This thesis presents the application of STED nanoscopy to two acute topics in cancer research of direct or indirect clinical interest. The first project has investigated the structure of telomeres, the ends of the linear eukaryotic chromosomes, in intact human cells at the nanoscale. To protect genome integrity, a telomere can mask the chromosome end by folding back and sequestering its single-stranded 3’-overhang in an upstream part of the double-stranded DNA repeat region. The formed t-loop structure has so far only been visualized by electron microscopy and fluorescence nanoscopy with cross-linked mammalian telomeric DNA after disruption of cell nuclei and spreading. For the first time, this work demonstrates the existence of t-loops within their endogenous nuclear environment in intact human cells. The identification of further telomere conformations has laid the groundwork for distinguishing cancerous cells that use different telomere maintenance mechanisms based on their individual telomere populations by a combined STED nanoscopy and deep learning approach. The population difference was essentially attributed to the promyelocytic leukemia (PML) protein that significantly perturbs the organization of a subpopulation of telomeres towards an open conformation in cancer cells that employ a telomerase-independent, alternative telomere lengthening mechanism. Elucidating the nanoscale topology of telomeres and associated proteins within the nucleus has provided new insight into telomere structure-function relationships relevant for understanding the deregulation of telomere maintenance in cancer cells.
After understanding the molecular foundations, this newly gained knowledge can be exploited to develop novel or refined diagnostic and treatment strategies.
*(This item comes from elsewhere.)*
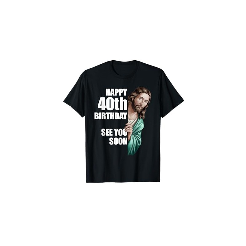 - This design shows a Jesus-like figure peeking around a corner with the witty text: "Happy 40th Birthday, see you soon." Great for religious individuals or anyone who loves a playful take on their milestone birthday!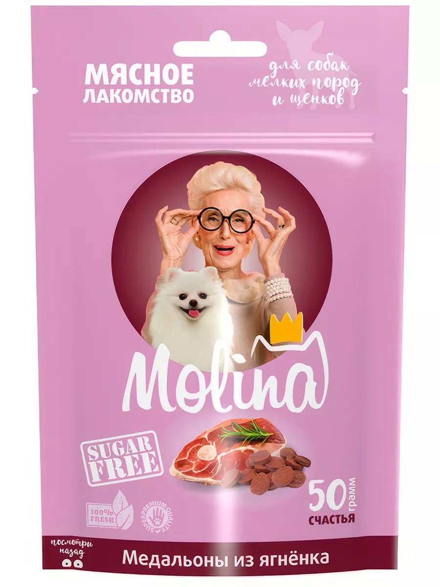 Molina лакомство для собак мелких пород Медальоны из ягненка, 50 г. Вкусный и натуральный продукт? Легко жуется и обладает высокими питательными свойствамиИдеально для тренировки, закрепления полезных навыков, поощрения и перекусаПо содержанию незаменимых аминокислот, витаминов, белка и минеральных веществ мясо ягненка не уступает говядине, в нем содержится цинк, необходимый для иммунной системы организмаУдовлетворяет естественный жевательный инстинкт Вашей собакиСовременная упаковка и многоразовая застежка zip-lock удобны в использовании и длительном хранении Состав: баранина - 93,8%крахмал - 2%пищевые добавки - 4%соль - 0,2%Пищевая ценность: белок - 30%жир - 5,5%клетчатка - 0,2%зола - 4%влажность - 23%.

The second project has characterized the intracellular distribution of recently developed prostate cancer tracers. These novel prostate-specific membrane antigen (PSMA) inhibitors have revolutionized the treatment regimen of prostate cancer by enabling targeted imaging and therapy approaches. However, the exact internalization mechanism and the subcellular fate of these tracers have remained elusive. By combining STED nanoscopy with a newly developed non-standard live cell staining protocol, this work confirmed cell surface clustering of the targeted membrane antigen upon PSMA inhibitor binding, subsequent clathrin-dependent endocytosis and endosomal trafficking of the antigen-inhibitor complex. PSMA inhibitors accumulate in prostate cancer cells at clinically relevant time points, but strikingly and in contrast to the targeted antigen itself, they eventually distribute homogenously in the cytosol. This project has revealed the subcellular fate of PSMA/PSMA inhibitor complexes for the first time and provides crucial knowledge for the future application of these tracers including the development of new strategies in the field of prostate cancer diagnostics and therapeutics.
Relying on the photostability and biocompatibility of the applied fluorophores, the performance of live cell STED nanoscopy in the field of cancer research is boosted by the development of improved fluorophores. The third project in this thesis introduces a biocompatible, small molecule near-infrared dye suitable for live cell STED imaging. By the application of a halogen dance rearrangement, a dihalogenated fluorinatable pyridinyl rhodamine could be synthesized at high yield. The option of subsequent radiolabeling combined with excellent optical properties and a non-toxic profile renders this dye an appropriate candidate for medical and bioimaging applications. Providing an intrinsic and highly specific mitochondrial targeting ability, the radiolabeled analogue is suggested as a vehicle for multimodal (positron emission tomography and optical imaging) medical imaging of mitochondria for cancer diagnosis and therapeutic approaches in patients and biopsy tissue.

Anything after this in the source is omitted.